In this proposal, both laboratory testing and thermal modelling will be carried out to refine and validate the dynamic thermal
rating (DTR) algorithm for low voltage (LV) distribution transformers in order to cope with future dynamic loading scenarios
caused by dispersed generations, electric vehicles, heat pumps and etc.
A specially commissioned 11kV/0.433kV three phase distribution transformer will be manufactured with multiple optical
fibre sensors embedded in the transformer winding during the manufacturing process. This transformer will be used as the
testing object in the laboratory. Thermal rating and life assessment of a transformer are dependent on the hotspot
temperature inside the transformer. While the hotspot location is usually assumed to be near to the top position of the
winding, due to the exposure to the maximum leakage field and the high surrounding oil temperature, previous experience
has shown that this is not necessarily the case and it could be located at lower conductor positions. Therefore multiple
sensors will be installed at the top region of each winding to capture the hotspot temperature. In addition, top oil and bottom
oil temperatures inside the transformer will be monitored. Extra condition monitoring measures used by the industry to
determine the health condition of transformers, e.g. on-line Dissolved Gas Analysis Monitor (already available in the
laboratory) will be applied during the tests to provide complementary information.

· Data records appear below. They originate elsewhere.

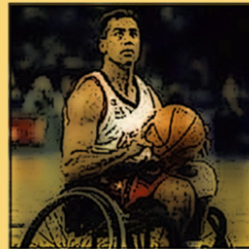
TROOPER JOHNSON - US Paralympic Basketball Team 1992, 1996, 2000, 2004
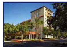
SHERATON SAN JOSE from $130
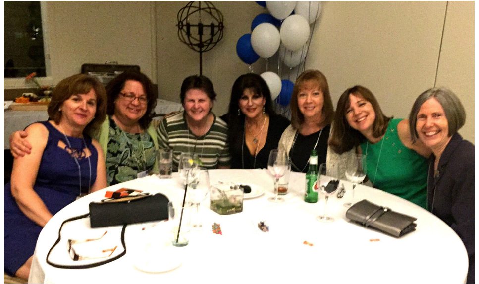
1975 Reunion photos
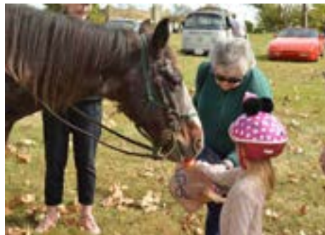
The horses were a big hit with the kids.
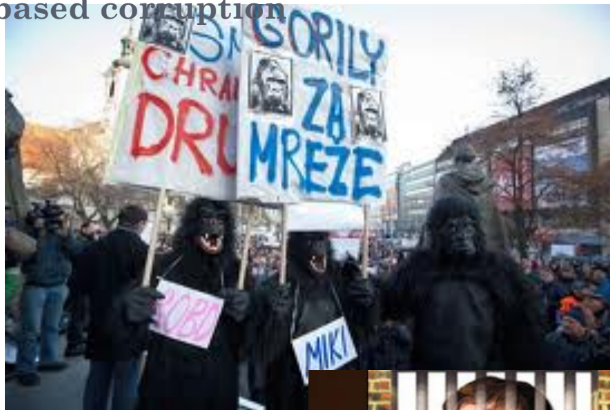
Gorilla corruption case in Slovakia

Two of the most corrupted Czech politicians
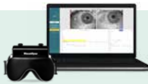
VisualEyes™ 525 Complete VNG solution for balance assessment
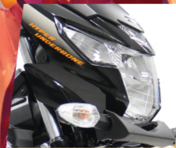
Aggressive LED Headlamp.
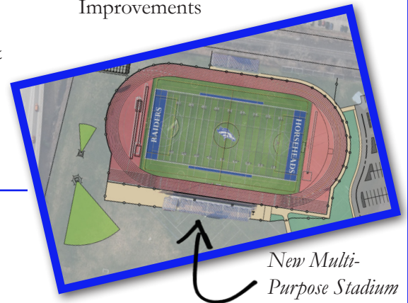
New Multi-Purpose Stadium

The temperature rise tests will be implemented in two stages. First, prolonged heat run tests will be conducted under
multiple levels of constant loadings, such as 70%, 100% and 120% of rated loadings. The thermal parameters required in
the IEC thermal model for calculating the hottest spot temperature, can be refined based on the heat run test results.
Second, a series of dynamic load profiles obtained from the load analysis and forecast algorithm will be applied in the heat
run tests to verify the thermal model and its parameters. The developed DTR algorithm of distribution transformers would
be able to cope with future predictable and un-predictable loading scenarios in LV networks.

Potential Impact:
Electricity distribution costs account for about 16% of customer's bills. This represents the cost of providing and managing
the infrastructure needed to supply electricity to the end user. Transformers are one of the most significant elements in the
distribution networks. Consequently accurate estimation of thermal behaviour and prediction of the operating life of
distribution transformers are essential to the calculation of the charge customers pay for the use of the network.
This work, which is conducted in association with EA Technology Ltd an employee owned SME based in the NW of
England, seeks to provide a clear understanding and a validated model of the asset management implications of uptake of
low carbon technology on distribution transformers.
EA Technology Ltd plans to deploy this model as part of the asset management advice service they provide for their
customers and in particular the Distribution Network Operators who own and operate distribution transformers.
Additionally the research will be available to the Transformer Research Consortium and multiple industrial seminars at the
University of Manchester which brings together transformer manufacturers, users and their supply chain to share learning
and developments in the field. This will ensure that the learning from the project is able to be used in the design and
development of new transformers.
The PI on the project is also involved with a number of international standards bodies including: Council on Large Electric
Systems (CIGRE), the International Electrotechnical Commission (IEC) and Institute of Electrical and Electronics Engineers
(IEEE) all of whom have a role in the development and implementation of international standards and engineering practice
guidelines that the outcome of this research will feed into.